< Ezechiël 9 >

1 Daarna riep Hij voor mijn oren met luider stem, zeggende: Doet de opzieners der stad naderen, en elkeen met zijn verdervend wapen in zijn hand.
以後我聽見他高聲喊說:「懲罰此城的,快來! 每人手中應拿著毀滅的工具。」
2 En ziet, zes mannen kwamen van den weg der Hoge poort, die gekeerd is naar het noorden, en elkeen met zijn verpletterend wapen in zijn hand; en een man in het midden van hen was met linnen bekleed, en een schrijvers-inktkoker was aan zijn lenden; en zij kwamen in, en stonden bij het koperen altaar.
看,有六個人從上邊朝北的門走來,每人拿著破壞的武器。他們中間有一個人身穿細麻衣,腰間帶著書記的墨盒。他們來到,就站在銅祭壇旁。
3 En de heerlijkheid des Gods van Israel hief zich op van den cherub, waarop Hij was, tot den dorpel van het huis; en Hij riep tot den man, die met linnen bekleed was, die de schrijvers-inktkoker aan zijn lenden had.
那停在革魯賓上的以色列的天主光榮,就由革魯賓身上升起,來到聖殿的門限上,叫將那身穿細麻衣,腰間帶著墨盒的人召來。
4 En de HEERE zeide tot hem: Ga door, door het midden der stad, door het midden van Jeruzalem, en teken een teken op de voorhoofden der lieden, die zuchten en uitroepen over al die gruwelen, die in het midden derzelve gedaan worden.
上主對他說:「你要走遍此城,即走遍耶路撒冷,凡因城充發生的醜惡之事而悲痛哀號的人,要在他們額上劃一個十字記號。」
5 Maar tot die anderen zeide Hij voor mijn oren: Gaat door, door de stad achter hem, en slaat, ulieder oog verschone niet, en spaart niet!
以後我聽見他向其餘的人說:「你們也跟著他走遍全城擊殺,你們的眼不要憐視,一點也不要顧惜;
6 Doodt ouden, jongelingen en maagden, en kinderkens en vrouwen, tot verdervens toe; maar genaakt aan niemand, op denwelken het teken is, en begint van Mijn heiligdom. En zij begonnen van de oude mannen, die voor het huis waren.
把老人、少年、處女、嬰兒和婦女都要殺盡滅絕;但凡額上有十字記號的人,不可走近。你們從聖所這裏開始。」果然他們就從在聖殿前的長老開始。
7 En Hij zeide tot hen: Verontreinigt het huis, en vervult de voorhoven met verslagenen; gaat henen uit.
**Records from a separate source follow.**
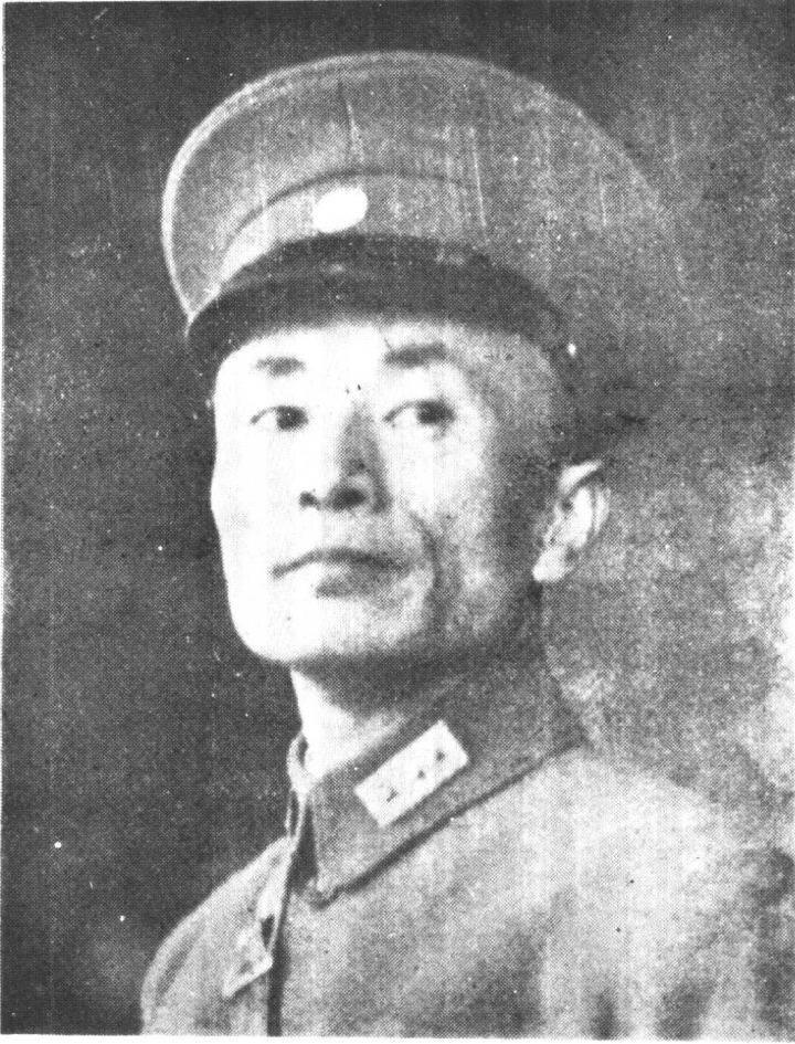
在江蘇省政府主席兼全省保安司令任內
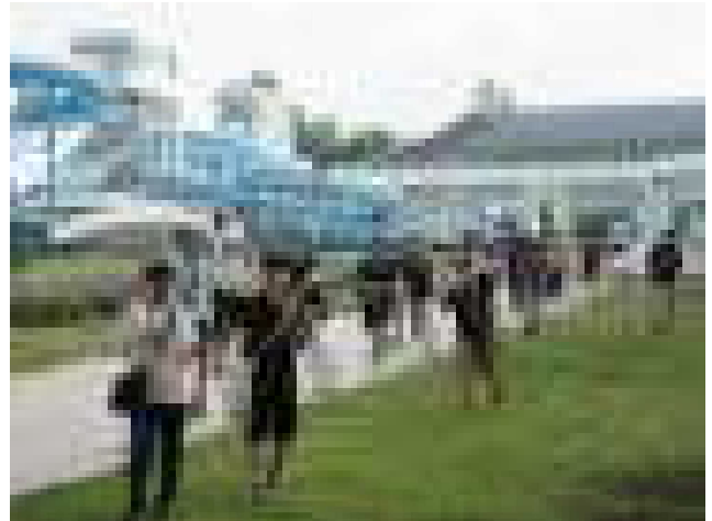
スキージャンプ台の高さと大きさに圧倒！
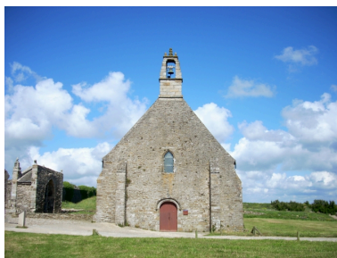
Plougonvelin, chapelle Notre-Dame-des-Grâces : élévation ouest IVR53_20082906250NUCA
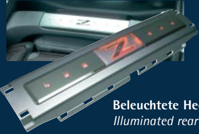
Beleuchtete Heckleiste Illuminated rear panel
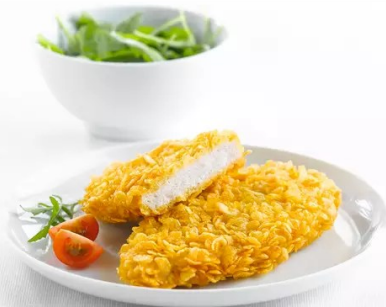
Krokante Kippenfilet 2kg
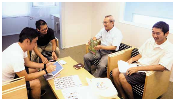
楽しいイベントを目指して、意見交換する実行委員の皆さん

このイベントは、昨年、市が主催した「桜川市UIターンワークショップ」で知り合った、桜川市出身の東京在住者と、市内在住者によって企
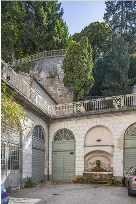
Vue d'ensemble depuis l'entrée de la cour.

39, Salins-les-Bains, 73 rue de la République
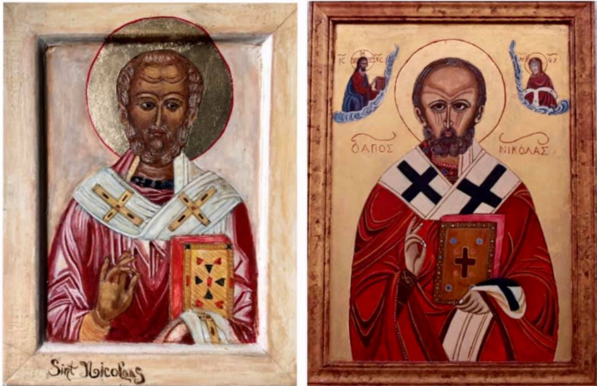
Afbeeldingen: iconen uit de abdij van Egmond en de oud-katholieke kerk in Den Helder.

Bronnen zeggen dat Nicolaas in de 3e eeuw is geboren in Patara, nabij Myra. Op iconen wordt hij vaak afgebeeld met een kort baardje, mediterrane huid en een hoog voorhoofd. Als bisschop is hij gekleed een kazuifel met een witte band versierd met kruizen. Dus geen lange baard of een mijter. De bisschopsmijter kwam pas in de middeleeuwen in gebruik.

En zij gingen henen uit, en zij sloegen in de stad.
以後又向他們說:「你們要玷污這聖殿,使被殺者充塞整個庭院,然後出去!」他們就出去,在城中擊殺。
8 Het geschiedde nu, als zij hen geslagen hadden, en ik overgebleven was, dat ik op mijn aangezicht viel, en riep, en zeide: Ach, Heere HEERE, zult Gij al het overblijfsel van Israel verderven, met Uw grimmigheid uit te gieten over Jeruzalem?
他們去擊殺時,只留下我一人。我就伏地掩面呼求說:「哎! 吾主上主,你在耶路撒冷發洩你的憤怒,要滅絕以色列的遺民嗎﹖」
9 Toen zeide Hij tot mij: De ongerechtigheid van het huis van Israel en van Juda is gans zeer groot, en het land is met bloed vervuld, en de stad is vol van afwijking; want zij zeggen: De HEERE heeft het land verlaten, en de HEERE ziet niet.
他回答我說:「以色列和猶大的家族,實在罪大惡極;此地充滿了血債,滿城都是暴行,他們還說:上主已離棄了此地,上主看不見。
10 Daarom ook, wat Mij aangaat, Mijn oog zal niet verschonen, en Ik zal niet sparen; Ik zal hun weg op hun hoofd geven.
因此,我的眼也決不憐視,一點也不顧惜;反而我要把他們的行為,歸在他們頭上。」
11 En ziet, de man, die met linnen bekleed was, aan wiens lenden de inktkoker was, bracht bescheid weder, zeggende: Ik heb gedaan, gelijk als Gij mij geboden hadt.